(Beginning of Given data)
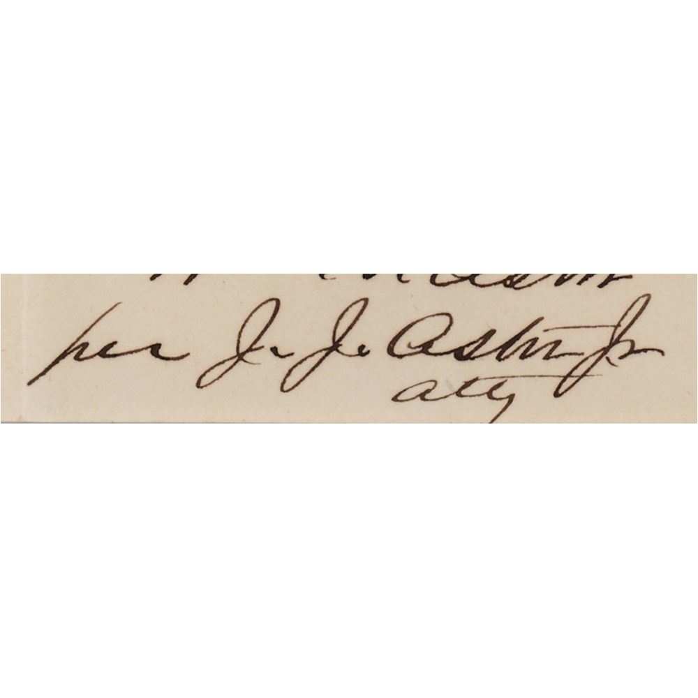 ALS signed on behalf of his father, “Wm. B. Astor per J. J. Astor, Jr., atty,†one page, 4 x 6, March 22, 1867. Handwritten letter to the treasurer of the Morris & Essex Rail Road Co., in part: "I am in receipt of your letter of the 21st Inst., enclosing certificate of stock of your company for 166 shs and scrip for $30. being amount of my Dividends." In fine condition.
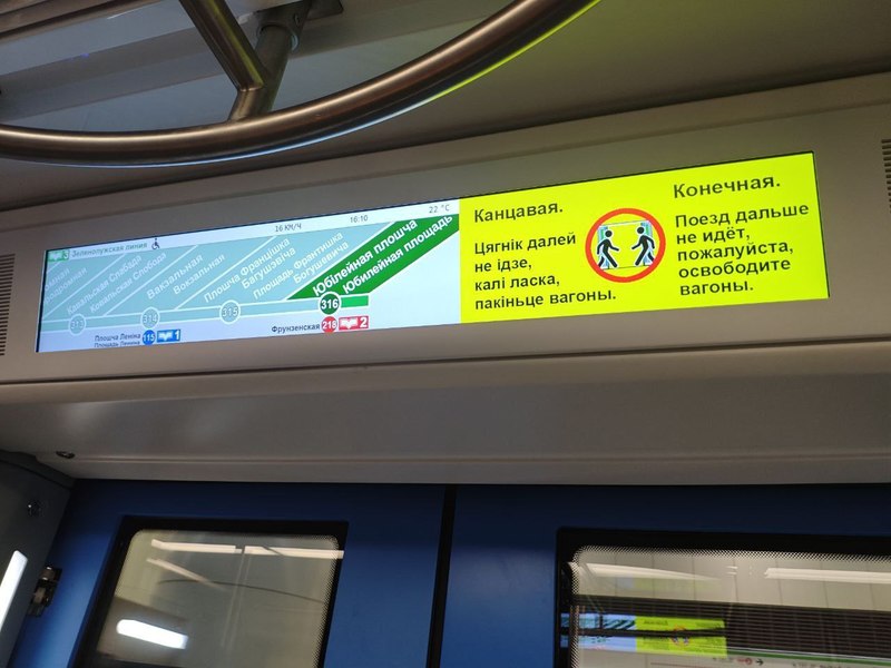 Телеграм-канал «Метро постсоветских стран» сообщает, что в минской подземке испытывают новую схему линий. Речь идет о схеме, которая отображается на электронном табло внутри самого состава. Причем только на третьей линии и только в поезде семейства 81-765.7/766.7 «Минск-2024». «Подопытным» составом стал поезд с бортовыми номерами вагонов 70106-70206-70306-70906.
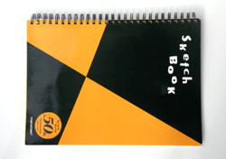 | 画用紙 ごく普通のスケッチブックで充分です。画用紙にも粗めからツルツルしている細目までいろいろありますが、私は細目を使っています。絵の具が美しくのるからです。 |
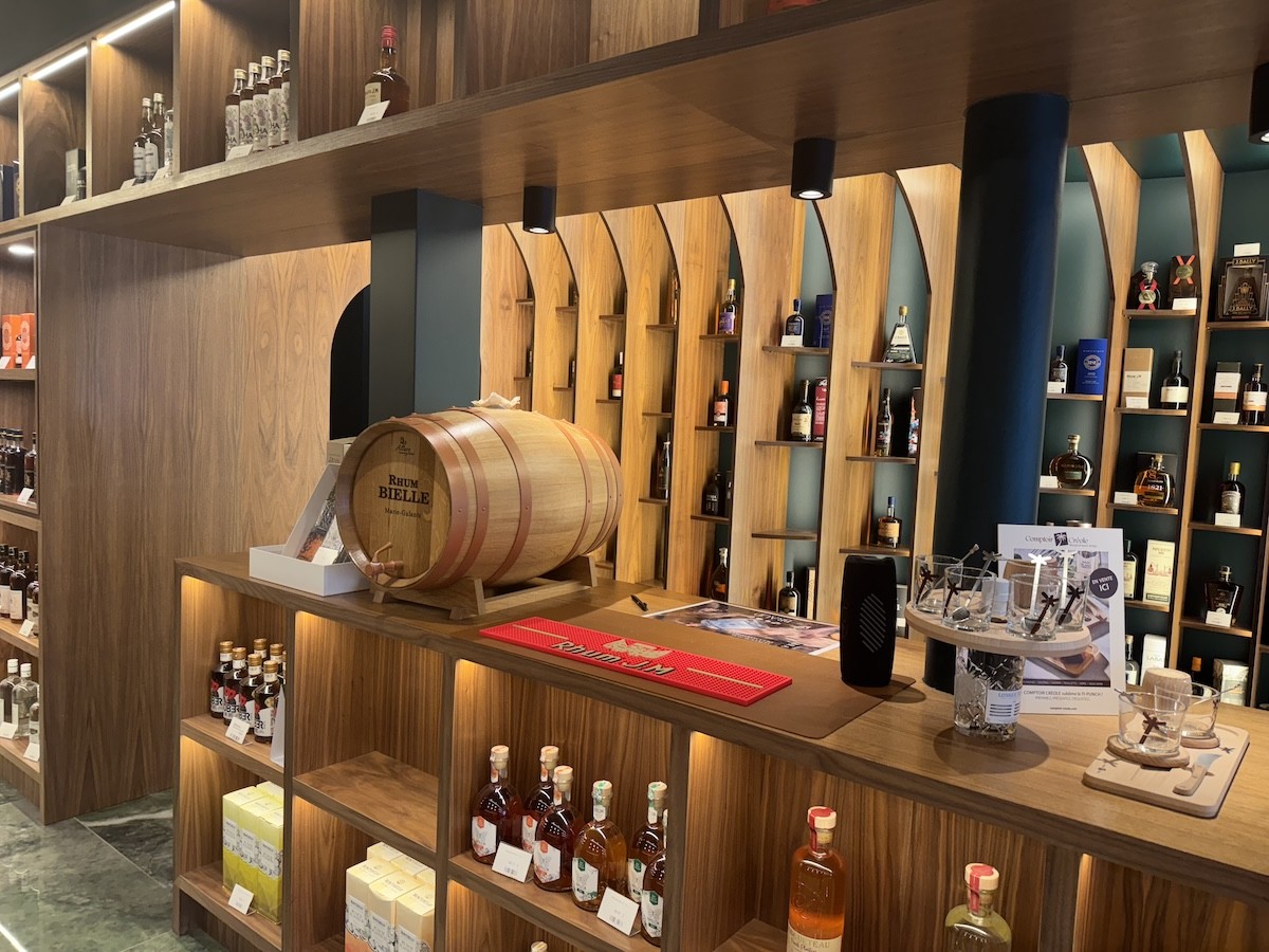 L’espace lui-même vaut le détour. Bernard avait une vision précise : une coque de bateau renversée pour rappeler l’époque des flibustiers, et un sol en marbre bleu comme la mer. Le résultat ? Une immersion sensorielle et visuelle, un décor qui prolonge l’expérience de dégustation, un écrin pour mettre en valeur le meilleur des rhums agricoles.
(End of Given data)
### [Aim of the task]
Each line above is to be repeated exactly as written; no picture is carried over.

### [Task response]
 ALS signed on behalf of his father, “Wm. B. Astor per J. J. Astor, Jr., atty,†one page, 4 x 6, March 22, 1867. Handwritten letter to the treasurer of the Morris & Essex Rail Road Co., in part: "I am in receipt of your letter of the 21st Inst., enclosing certificate of stock of your company for 166 shs and scrip for $30. being amount of my Dividends." In fine condition.
 Телеграм-канал «Метро постсоветских стран» сообщает, что в минской подземке испытывают новую схему линий. Речь идет о схеме, которая отображается на электронном табло внутри самого состава. Причем только на третьей линии и только в поезде семейства 81-765.7/766.7 «Минск-2024». «Подопытным» составом стал поезд с бортовыми номерами вагонов 70106-70206-70306-70906.
 | 画用紙 ごく普通のスケッチブックで充分です。画用紙にも粗めからツルツルしている細目までいろいろありますが、私は細目を使っています。絵の具が美しくのるからです。 |
 L’espace lui-même vaut le détour. Bernard avait une vision précise : une coque de bateau renversée pour rappeler l’époque des flibustiers, et un sol en marbre bleu comme la mer. Le résultat ? Une immersion sensorielle et visuelle, un décor qui prolonge l’expérience de dégustation, un écrin pour mettre en valeur le meilleur des rhums agricoles.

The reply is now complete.